To put it in a nutshell, it is pertinent to note that since time immemorial, Kangleipak (Manipur) and Zale’n-gam (Kukiland) have been in peaceful co-existence with mutual respect for territorial integrity and that the inhabitants vis-à-vis the Meiteis and the Kukis have been living peacefully in their own respective territories without any interference in each other’s internal affairs. 

It would be prudent to recall and retrospect the events that occurred in 1891 (Khongjom War also known as Anglo-Manipur War) and in 1917–1919 (Anglo-Kuki War) in which the Meitei’s land (Kangleipak/Manipur) and the Zale’n-gam were subjugated and conquered successively by the British colonial which put them under the same administration.

The Hill-Valley Divide 

The ongoing violence has further deepened the divide between hills and plains-people, which is at the heart of the tribal militancy. 

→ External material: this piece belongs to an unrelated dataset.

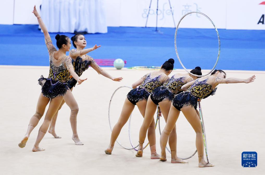 11月24日,江苏队在成年集体5圈比赛中,她们以29.70分的成绩获该项目第二名。新华社记者 李紫恒 摄
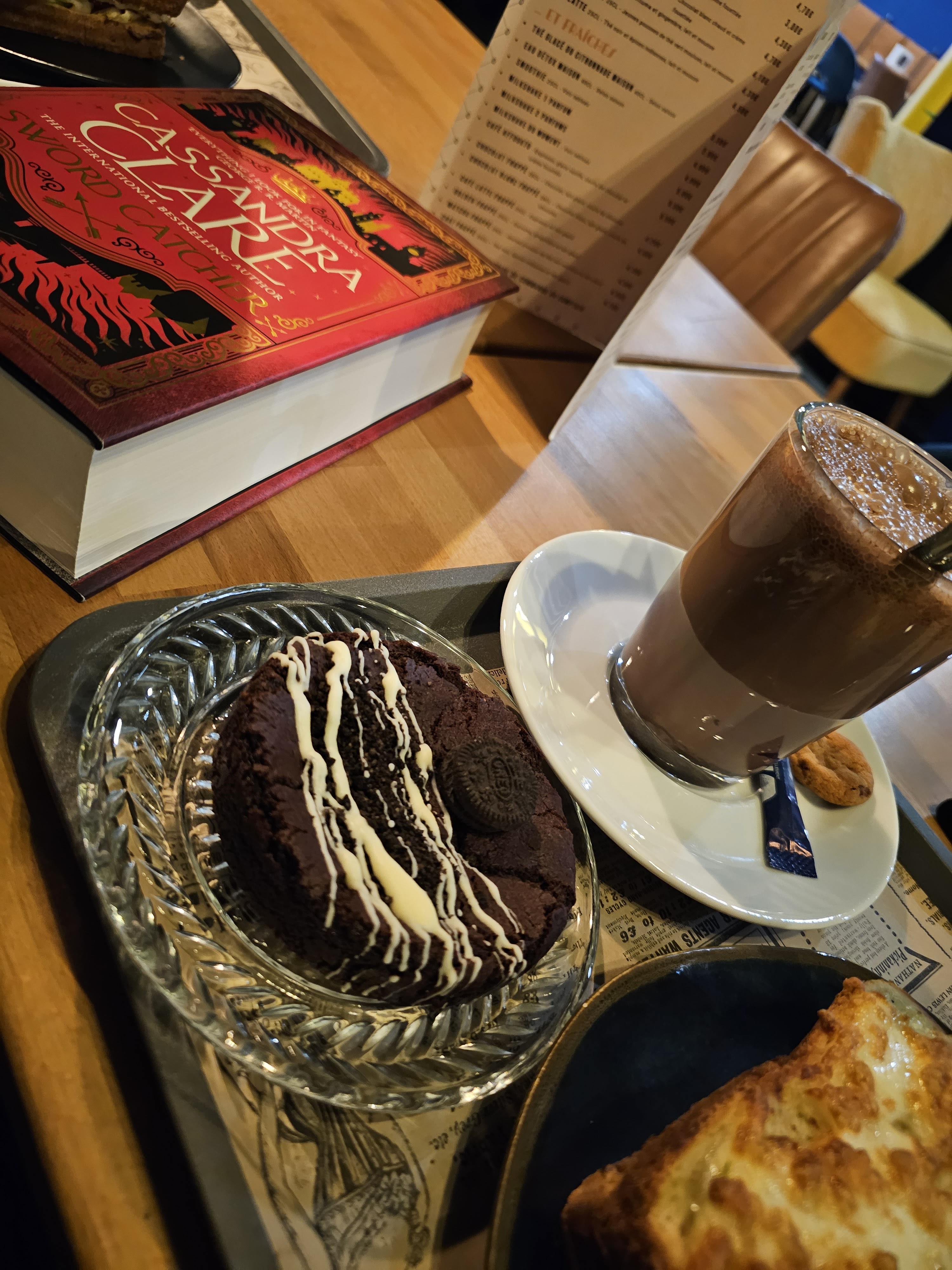 Croc saumon, croc poulet, chocolat chaud et cookies 🍪 Tout était parfait, nous nous sommes bien remplis le ventre. L'endroit est très propres, aérer et bien décoré donnant une agréable ambiance. Le personnel est également agréable et à l'écoute Nous recommandons vivement !

In the Art of Not Being Governed—An Anarchist History of Upland Southeast Asia, anthropologist James C Scott outlines how state formation in the valleys creates sections that are “non-state” that inhabit the hills. At the core of this distinction between state and non-state is “surplus”. 

Imphal-based political analyst Pradip Phanjouban explains that surplus is the necessary first step of the process of state formation and intellectual/political/economic activity. Thus, communities practicing shifting agriculture in hills and making frugal produce that lasts from season to season remained left out of the process, meaning they became “non-state”. 

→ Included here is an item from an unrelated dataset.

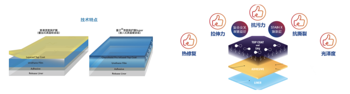 ·采用脂肪族TPU基材和自研涂层,提供出色防护、划痕自修复和抗黄变能力。
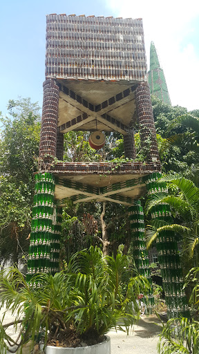 รวมถึงโบสถ์๒ชั้น ก็ประดับตกแต่งด้วยขวดชนิดต่างๆ ฝาเพดานประดับด้วยเปลือกหอยเชลแยก๒สีแบางพื้นที่เพดาน

This distinction between state and non-state makes itself felt across various metrics—the style of warfare the two groups practice, (guerrilla vs structured army), the style of governance (local vs national), and even their perception of concepts like “democracy”, “republic” or “freedom”. It can also be seen in the state’s response to these groups in that areas considered “non-state” often suffer from lack of resources. A case in point are the hill regions of Manipur that remain woefully underdeveloped. All major universities, colleges, hospitals, government offices and emergency services are located in Imphal, and the nearby valley region.

With the focus of the centre as well as the state fixed on punishing “militants” rather than finding peaceful solution to the ethnic conflict through dialogue, the hunting of Kuki “militants” perhaps once again brings to the fore this divide between state and non-state, where armed forces of the state are considered legal while armed forces of the “non-state” are considered militant. 

The Manipur crisis necessitates the need for not just military intervention but also socio-ethnographic and geopolitical strategising and inter-community dialogue that includes all stakeholders in an equal capacity. A Khongsai, the Kuki Innpi President, says: “At present, Kukis are not equally represented in the peace talks”. Slamming the Centre and state’s efforts to “restore normalcy” in the violence-hit districts, Khongsai adds, “peace cannot be violently imposed in the name of restoring normalcy. This matter requires deeper introspection”.